# DVD+RW Löschen wieder rückgängig?



## Huppo (17. Dezember 2005)

*DVD+RW Löschen wieder rückgängig?*

Hallo,

ich habe versehentlich mit dem Nero schnell löschen eine DVD+RW gelöscht, wo ich noch Daten drauf gehabt habe, die ich wieder brauche.

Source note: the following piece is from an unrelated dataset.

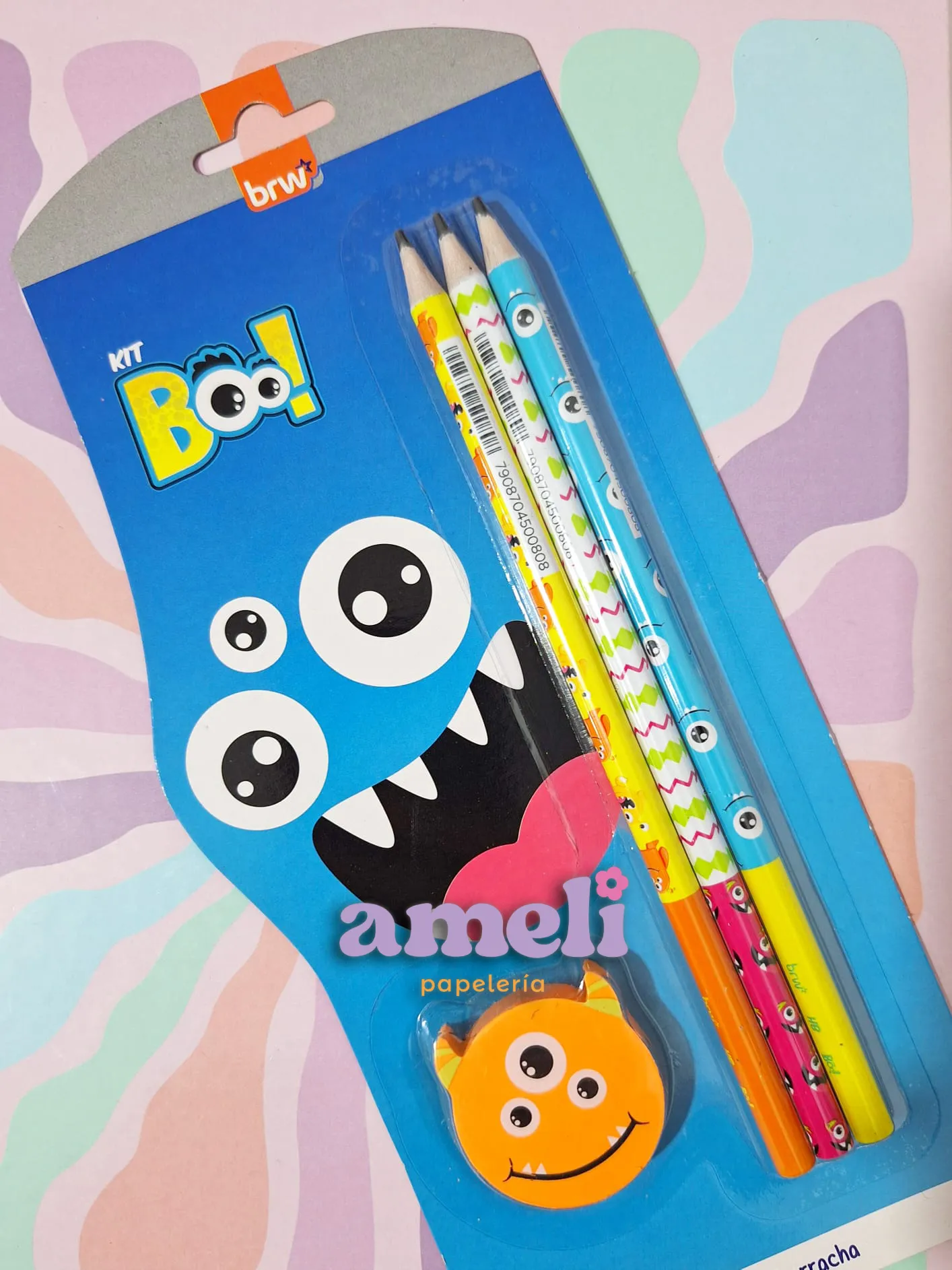 Set Boo Monster Brw: 3 lápices + goma cantidad

Kann man das wieder rückgängig machen und mit welchem Programm?

Vielen Dank


----------



## Herbboy (17. Dezember 2005)

*AW: DVD+RW Löschen wieder rückgängig?*

scheint möglich zu sein: http://www.german-sales.com/cd_dvd_retten.htm

_"Detei versehentlich gelöscht. 

CD versehentlich formatiert mit quick format bzw. schnell format "_


aber halt wohl nur bei löschen/quickformat... wenn du sie intensiv(von frund aus formatiert hast, dann geht es AFAIK nicht, da die kristalle(?) in der DVD alle aus quasi "null" neu ausgerichtet werden und man dann nciht mehr sehen kann, wie sie vorher mal positioniert waren...


----------



## Weird_Sheep (17. Dezember 2005)

*AW: DVD+RW Löschen wieder rückgängig?*



			
				Huppo am 17.12.2005 13:07 schrieb:
			
		

> Hallo,
> 
> ich habe versehentlich mit dem Nero schnell löschen eine DVD+RW gelöscht, wo ich noch Daten drauf gehabt habe, die ich wieder brauche.
> 
> ...



Wenns wirklich nur schnell löschen war, dann könnte Isobuster deine Probleme lösen.


----------



## Q20 (17. Dezember 2005)

*AW: DVD+RW Löschen wieder rückgängig?*



			
				Weird_Sheep am 17.12.2005 13:13 schrieb:
			
		

> Huppo am 17.12.2005 13:07 schrieb:
> 
> 
> 
> ...



Jo mit Isobuster sollte es funktionieren, da beim Schnelllöschen lediglich das Inhaltsverzeichnis entfernt wird. Rein theoretisch sollte man auch über Nero anhand Multisession fortsetzen, die Daten retten können. 

Kleiner Tipp: nächstes mal solche Daten nicht auf RW brennen


----------